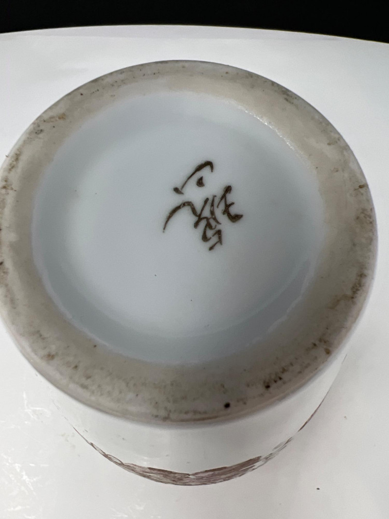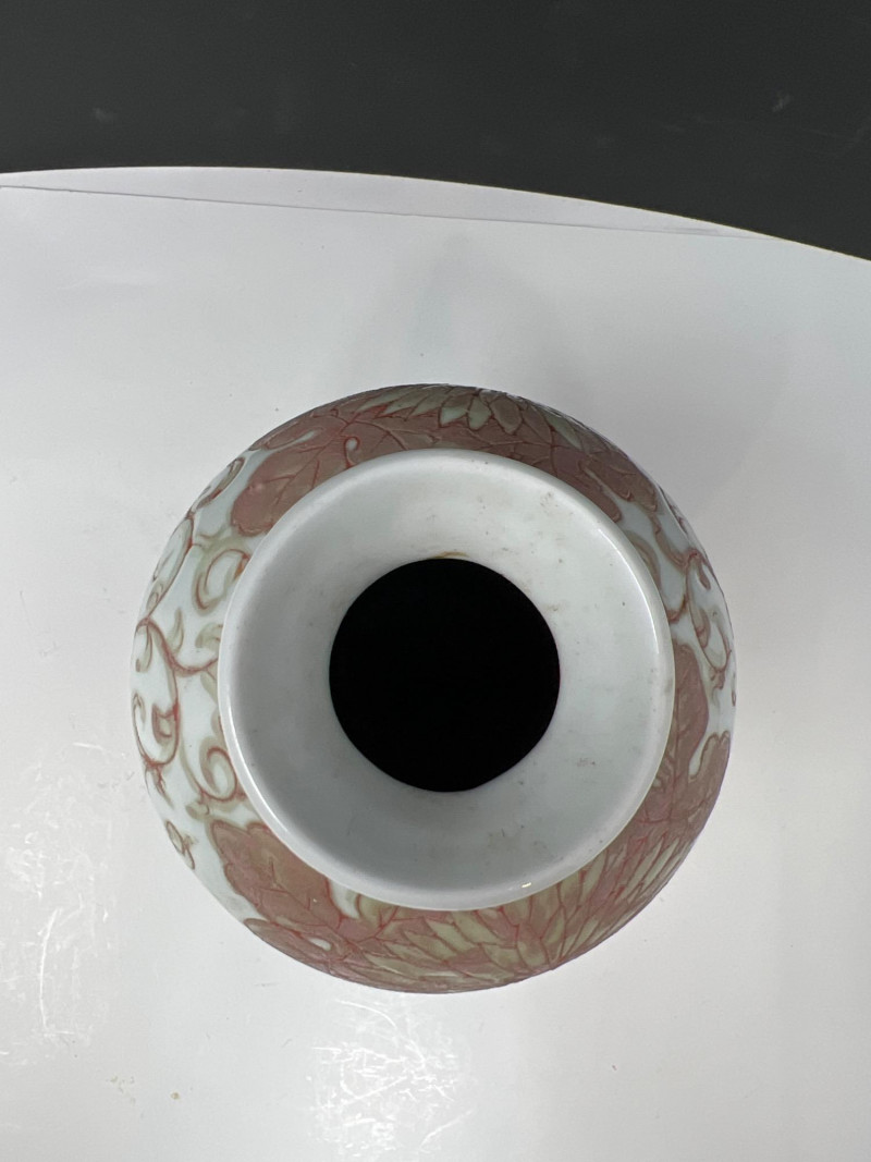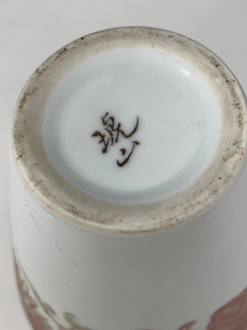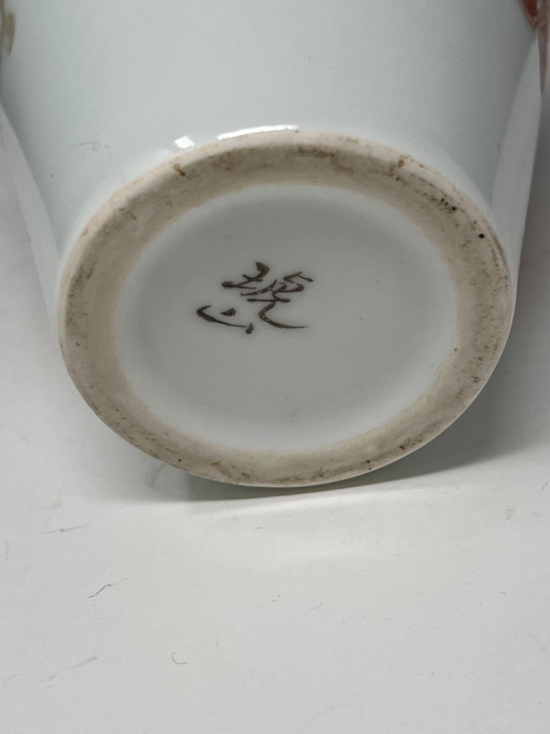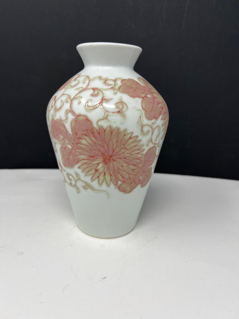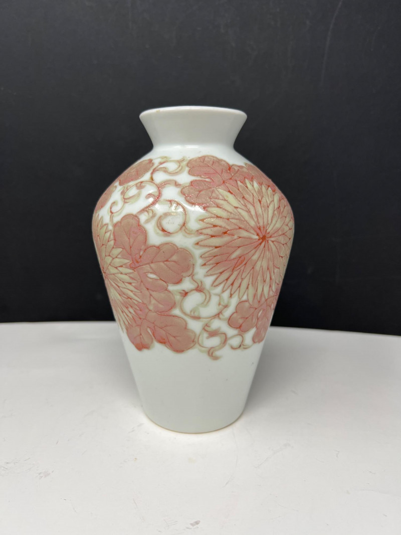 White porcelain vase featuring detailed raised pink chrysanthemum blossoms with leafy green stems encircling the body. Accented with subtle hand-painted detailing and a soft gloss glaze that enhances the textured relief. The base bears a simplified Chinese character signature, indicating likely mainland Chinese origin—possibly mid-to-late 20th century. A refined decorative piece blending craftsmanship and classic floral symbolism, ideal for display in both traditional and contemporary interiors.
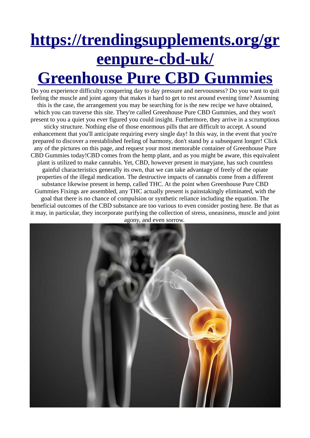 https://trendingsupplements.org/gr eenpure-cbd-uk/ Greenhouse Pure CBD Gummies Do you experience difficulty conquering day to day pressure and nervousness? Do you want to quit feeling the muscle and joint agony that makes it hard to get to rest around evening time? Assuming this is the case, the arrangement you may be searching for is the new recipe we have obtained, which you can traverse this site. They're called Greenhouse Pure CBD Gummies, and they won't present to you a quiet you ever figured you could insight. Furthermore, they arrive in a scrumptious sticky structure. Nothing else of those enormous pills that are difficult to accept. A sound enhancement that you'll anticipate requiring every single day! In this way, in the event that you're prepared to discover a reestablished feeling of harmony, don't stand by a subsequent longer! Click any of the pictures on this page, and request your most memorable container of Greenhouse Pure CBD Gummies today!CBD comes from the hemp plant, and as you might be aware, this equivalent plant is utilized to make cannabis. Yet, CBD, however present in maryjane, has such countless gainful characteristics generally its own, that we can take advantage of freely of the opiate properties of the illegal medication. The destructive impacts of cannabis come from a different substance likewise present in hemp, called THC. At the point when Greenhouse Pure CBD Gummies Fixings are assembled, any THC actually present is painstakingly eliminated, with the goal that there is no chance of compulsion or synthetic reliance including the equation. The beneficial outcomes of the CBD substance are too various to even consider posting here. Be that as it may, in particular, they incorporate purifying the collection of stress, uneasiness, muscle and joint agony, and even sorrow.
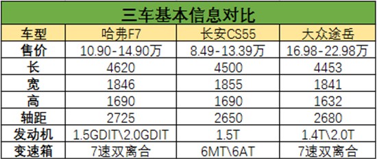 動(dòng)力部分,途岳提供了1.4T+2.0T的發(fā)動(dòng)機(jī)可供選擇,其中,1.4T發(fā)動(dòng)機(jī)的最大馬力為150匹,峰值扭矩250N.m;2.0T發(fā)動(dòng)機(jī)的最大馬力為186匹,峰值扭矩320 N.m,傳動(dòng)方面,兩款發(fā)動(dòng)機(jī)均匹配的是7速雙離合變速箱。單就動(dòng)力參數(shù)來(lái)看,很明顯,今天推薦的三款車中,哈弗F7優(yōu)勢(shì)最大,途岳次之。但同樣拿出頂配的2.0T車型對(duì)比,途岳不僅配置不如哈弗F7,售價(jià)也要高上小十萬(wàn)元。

==

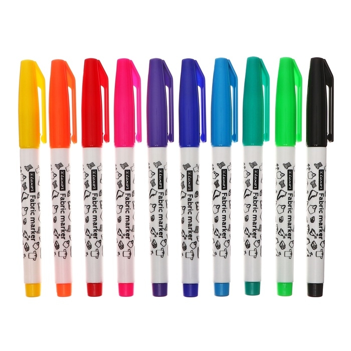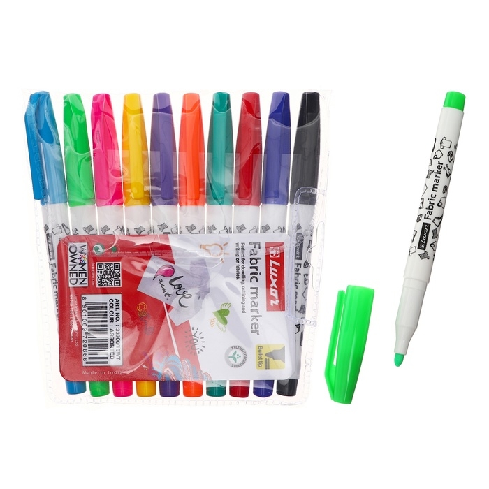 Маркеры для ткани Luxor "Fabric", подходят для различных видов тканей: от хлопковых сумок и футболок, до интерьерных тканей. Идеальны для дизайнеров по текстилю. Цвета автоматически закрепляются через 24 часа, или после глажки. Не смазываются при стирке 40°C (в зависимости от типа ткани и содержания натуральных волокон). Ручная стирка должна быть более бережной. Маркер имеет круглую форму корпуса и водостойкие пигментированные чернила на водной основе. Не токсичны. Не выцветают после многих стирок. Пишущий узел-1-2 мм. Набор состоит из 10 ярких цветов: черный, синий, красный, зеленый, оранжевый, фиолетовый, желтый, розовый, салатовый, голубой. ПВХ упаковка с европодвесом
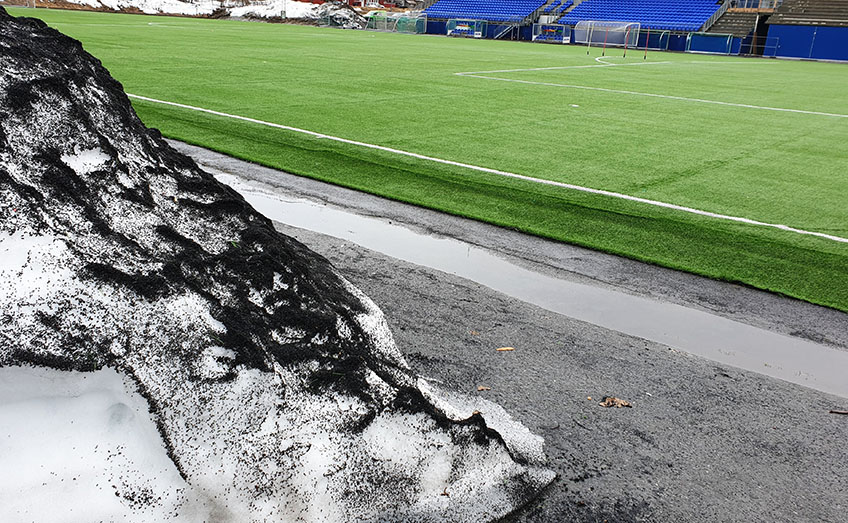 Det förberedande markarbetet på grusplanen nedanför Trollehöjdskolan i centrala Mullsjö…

__ABOUT THIS TASK__:
Above are some entries. Restate word for word the lines from the one holding "Маркеры для ткани" through the one holding "Det förberedande markarbetet", but not the pictures.

__EXERCISE OUTPUT__:
 Маркеры для ткани Luxor "Fabric", подходят для различных видов тканей: от хлопковых сумок и футболок, до интерьерных тканей. Идеальны для дизайнеров по текстилю. Цвета автоматически закрепляются через 24 часа, или после глажки. Не смазываются при стирке 40°C (в зависимости от типа ткани и содержания натуральных волокон). Ручная стирка должна быть более бережной. Маркер имеет круглую форму корпуса и водостойкие пигментированные чернила на водной основе. Не токсичны. Не выцветают после многих стирок. Пишущий узел-1-2 мм. Набор состоит из 10 ярких цветов: черный, синий, красный, зеленый, оранжевый, фиолетовый, желтый, розовый, салатовый, голубой. ПВХ упаковка с европодвесом
 Det förberedande markarbetet på grusplanen nedanför Trollehöjdskolan i centrala Mullsjö…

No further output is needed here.